- Exercise aim -
Wherever an image appears in the data, omit it and copy all the remaining text word for word.

────────────────

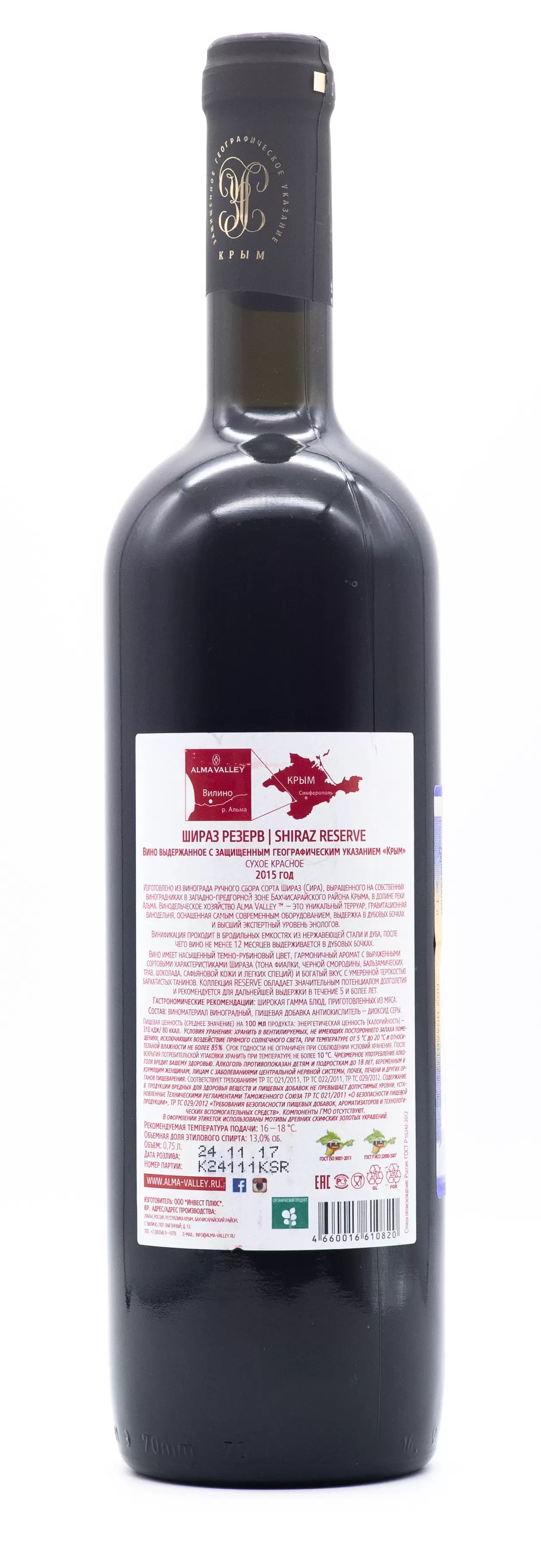 Вино имеет насыщенный темно-рубиновый цвет, гармоничный аромат с выраженными сортовыми характеристиками Шираза - тонами фиалки, черной смородины, бальзамических трав, шоколада, сафьяновой кожи и легких специй. Вино имеет богатый вкус с умеренной терпкостью бархатистых танинов.
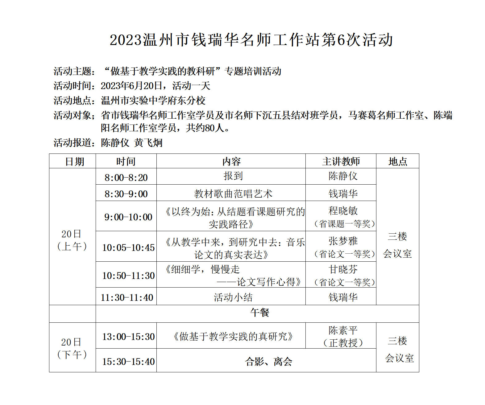温州市 钱瑞华 名师工作室于 2023年06月20日 08:00:00时到2023年06月20日 16:00:00时
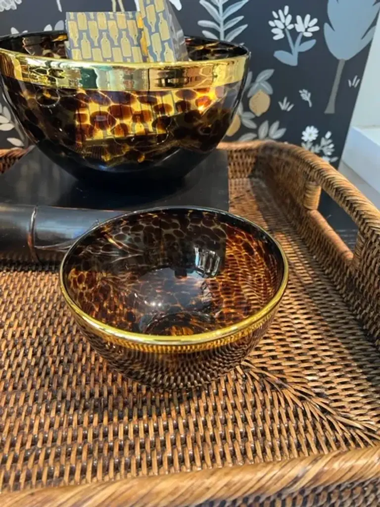 The Small Glass Tortoise Bowl The new Tortoise and Gold grouping features pieces of classic and elegant simplicity in dappled tones of amber and chocolate, all finished with borders of a brilliant gold tone. Handmade no two pieces exactly alike. This bowl works beautifully in with our tortoiseshell pieces in acrylic, too! For the table, a simply gorgeous and practical bowl in a 5 ½-inch diameter will be the one you will go to for all your serving needs. Also available in a larger, 8-inch size here on our shop. Care: Handwash - light soap and water. Designer floor samples & new product from one of the hottest To The Trade & Retail Home Furnishings showrooms in the country. Located in Chicago's chic Roscoe Village, Kenneth Ludwig Chicago carries the industries best furniture & accessory brands. Always fresh, always inspiring. Quite often ( due to a discontinued style, fabric or frame ) they must sell off their showroom floor samples. You receive first quality pieces at amazing prices. Check back weekly for new inventory added.
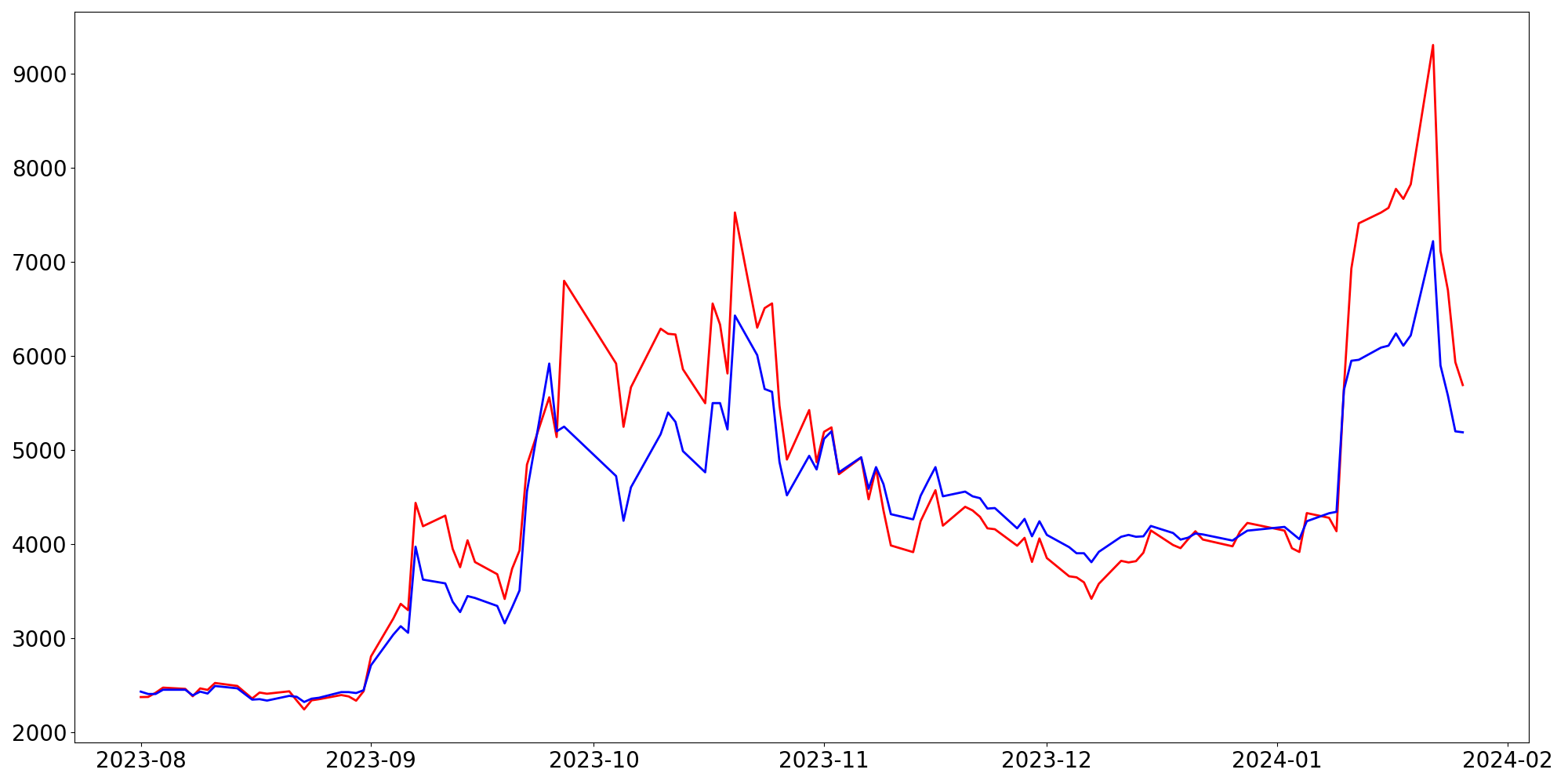 [ - : 실제값(종가) / - : 예측값(종가) ]
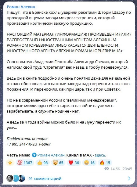 Брат-близнец Взрывателя мостов суньцзы Подоляки. В смысле, духовный. Поскольку тоже доносит свое личное нахрен никому не сдавшееся мнение в виде истины в последней инстанции. Осмелюсь свои 5 евроцентов вставить. В 1958 году, когда завод запускали, Брянск не то чтобы глубоким тылом был. Но был. Долететь до него с территории противника могла разве что какая-нибудь межконтинентальная дрянь. Ну так она с таким же успехом и до Новосибирска с Красноярском долетела бы. Причем как с запада, так и с востока. А сейчас, когда дроны долетают даже до Казани, куда прикажете все переносить? В Воркуту и Норильск? Взрывая, разумеется, за собой все мосты. Так и там в Карском море может всплыть какая-нибудь АПЛ типа "Огайо", груженая Томагавками. Дятел, заводы за Урал переносили не для того, чтобы туда какая-нибудь дрянь не долетела. А чтобы при внезапных прорывах (какой, к примеру, случился в июне 1941) не остаться без стратегического сырья, материалов и технологий. Но даже в те заповедные времена,
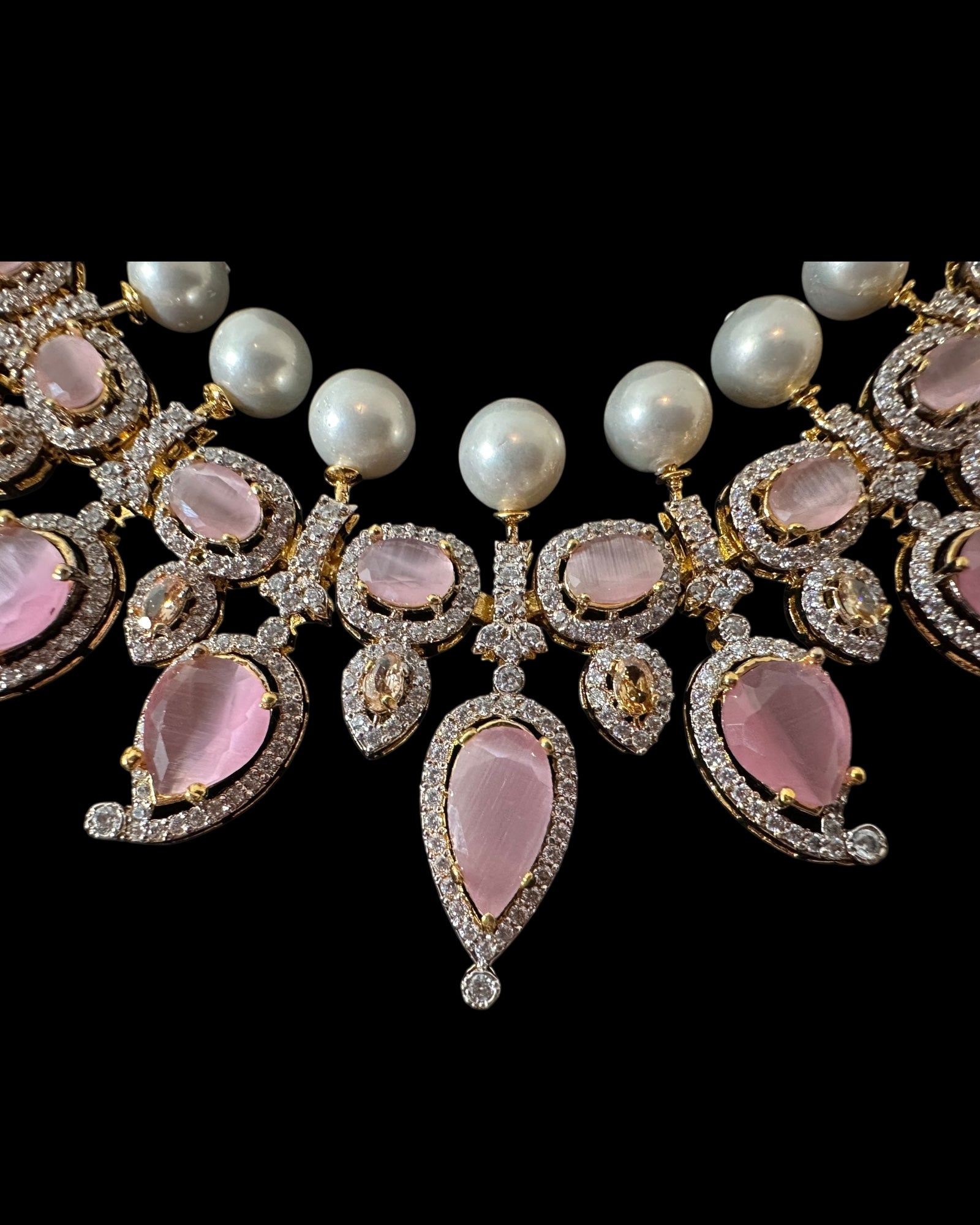 BR462 Anmol necklace set in pink( rose quartz ), Cats eye and pearls ( SHIPS IN 4 WEEKS )

────────────────

- Task solution -
 Вино имеет насыщенный темно-рубиновый цвет, гармоничный аромат с выраженными сортовыми характеристиками Шираза - тонами фиалки, черной смородины, бальзамических трав, шоколада, сафьяновой кожи и легких специй. Вино имеет богатый вкус с умеренной терпкостью бархатистых танинов.
温州市 钱瑞华 名师工作室于 2023年06月20日 08:00:00时到2023年06月20日 16:00:00时
 The Small Glass Tortoise Bowl The new Tortoise and Gold grouping features pieces of classic and elegant simplicity in dappled tones of amber and chocolate, all finished with borders of a brilliant gold tone. Handmade no two pieces exactly alike. This bowl works beautifully in with our tortoiseshell pieces in acrylic, too! For the table, a simply gorgeous and practical bowl in a 5 ½-inch diameter will be the one you will go to for all your serving needs. Also available in a larger, 8-inch size here on our shop. Care: Handwash - light soap and water. Designer floor samples & new product from one of the hottest To The Trade & Retail Home Furnishings showrooms in the country. Located in Chicago's chic Roscoe Village, Kenneth Ludwig Chicago carries the industries best furniture & accessory brands. Always fresh, always inspiring. Quite often ( due to a discontinued style, fabric or frame ) they must sell off their showroom floor samples. You receive first quality pieces at amazing prices. Check back weekly for new inventory added.
 [ - : 실제값(종가) / - : 예측값(종가) ]
 Брат-близнец Взрывателя мостов суньцзы Подоляки. В смысле, духовный. Поскольку тоже доносит свое личное нахрен никому не сдавшееся мнение в виде истины в последней инстанции. Осмелюсь свои 5 евроцентов вставить. В 1958 году, когда завод запускали, Брянск не то чтобы глубоким тылом был. Но был. Долететь до него с территории противника могла разве что какая-нибудь межконтинентальная дрянь. Ну так она с таким же успехом и до Новосибирска с Красноярском долетела бы. Причем как с запада, так и с востока. А сейчас, когда дроны долетают даже до Казани, куда прикажете все переносить? В Воркуту и Норильск? Взрывая, разумеется, за собой все мосты. Так и там в Карском море может всплыть какая-нибудь АПЛ типа "Огайо", груженая Томагавками. Дятел, заводы за Урал переносили не для того, чтобы туда какая-нибудь дрянь не долетела. А чтобы при внезапных прорывах (какой, к примеру, случился в июне 1941) не остаться без стратегического сырья, материалов и технологий. Но даже в те заповедные времена,
 BR462 Anmol necklace set in pink( rose quartz ), Cats eye and pearls ( SHIPS IN 4 WEEKS )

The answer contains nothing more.